RECORDS SUPPLIED:

╔══

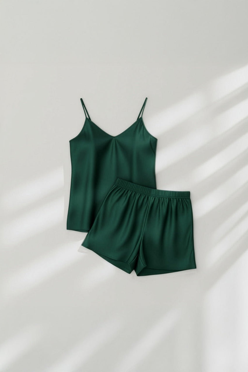 طقم بيجامة من شورت حريري ساتان بتصميم كاميسول - أخضر + (ربطة شعر مجانية)
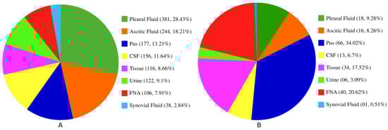 In this study, we enrolled a total of 1340 presumptive EPTB patients with diverse specimen types. All the enrolled specimens were categorized into several broad categories, as shown in Figure 1. Among them were pleural fluids (n = 318, 28.43%), ascitic fluids (n = 244, 18.21%), pus (n = 177, 13.21%), CSF (n = 156, 11.64%), tissues (n = 116, 8.66%), urine (n = 122, 9.1%), fine needle aspirates (FNAC) (n = 106, 7.91%), and synovial fluids (n = 38, 2.84%). A total of 194 (14.48%) cases were confirmed as bacteriologically TB-positive from all the testing methods mentioned above. Of the 194 positive cases, pleural fluids, ascitic fluids, pus, CSF, tissues, urine, FNAC, and synovial fluids were 18 (9.28%), 16 (8.26%), 66 (34.02%), 13 (6.7%), 34 (17.52%), 6 (3.09%), 40 (20.62%), and 1 (0.51%), respectively (Figure 1).
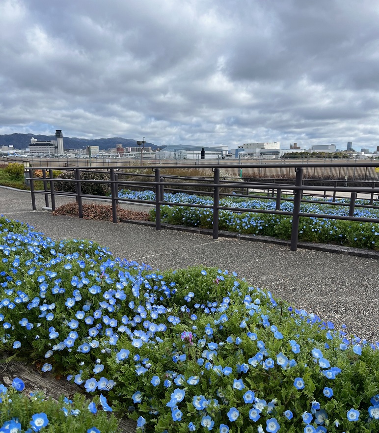 【ネモフィラ】 約4,000株のネモフィラ、可愛く咲いてくれてます♪飛行機とネ… -
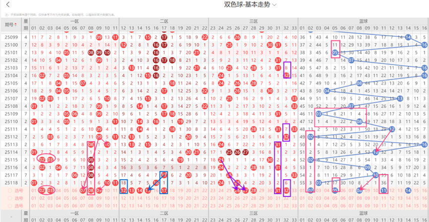 上一期三区开出了2个号码;本期三区大概率不会断区,本期三区出号数量可以考虑2个,防3个;本期三区需要关注的号码:26可能会重出;27与25-26形成了斜连走势;27-28可能会同时落号;31为当前三区出号热点号码;32遗漏值8-7-6容易出号;因此本期三区选号应该考虑26-27-28-31-32等号码。
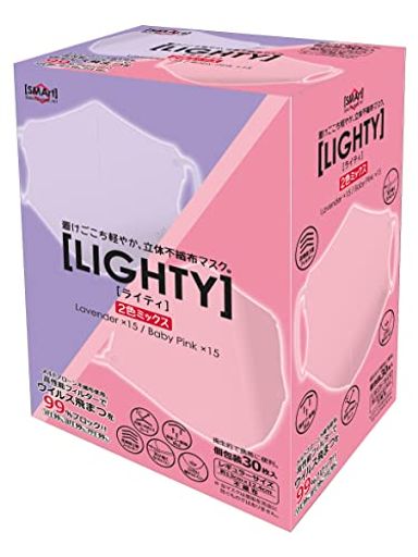 [アドバンス]立体不織布マスクライティ2色ミックスラベンダーxベビーピンクレギュラーサイズ約13x12.4cmSMArtSLA-0230枚入り
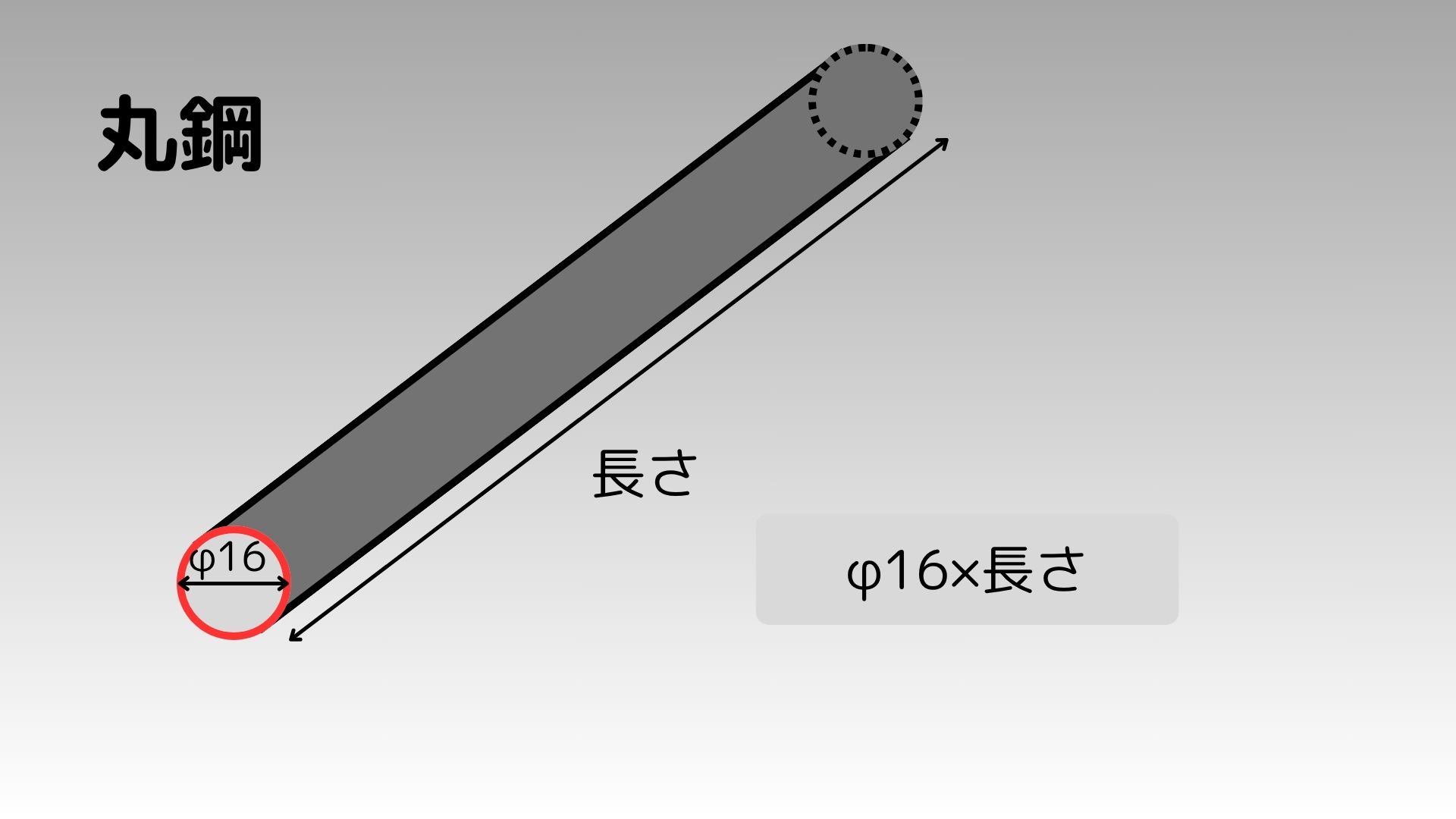 - 規格では「φ16×長さ」や「D16×長さ」で表記され、「φ」や「D」は直径という意味。(←どの数字がどの寸法を表しているかは覚える必要無し。その都度、ネットで調べればOK)

╚══

BRIEF:
What you return should be the exact lines from the one containing "[アドバンス]立体不織布マス" through the end of the listing above, both included, minus any pictures.

RESPONSE:
 [アドバンス]立体不織布マスクライティ2色ミックスラベンダーxベビーピンクレギュラーサイズ約13x12.4cmSMArtSLA-0230枚入り
 - 規格では「φ16×長さ」や「D16×長さ」で表記され、「φ」や「D」は直径という意味。(←どの数字がどの寸法を表しているかは覚える必要無し。その都度、ネットで調べればOK)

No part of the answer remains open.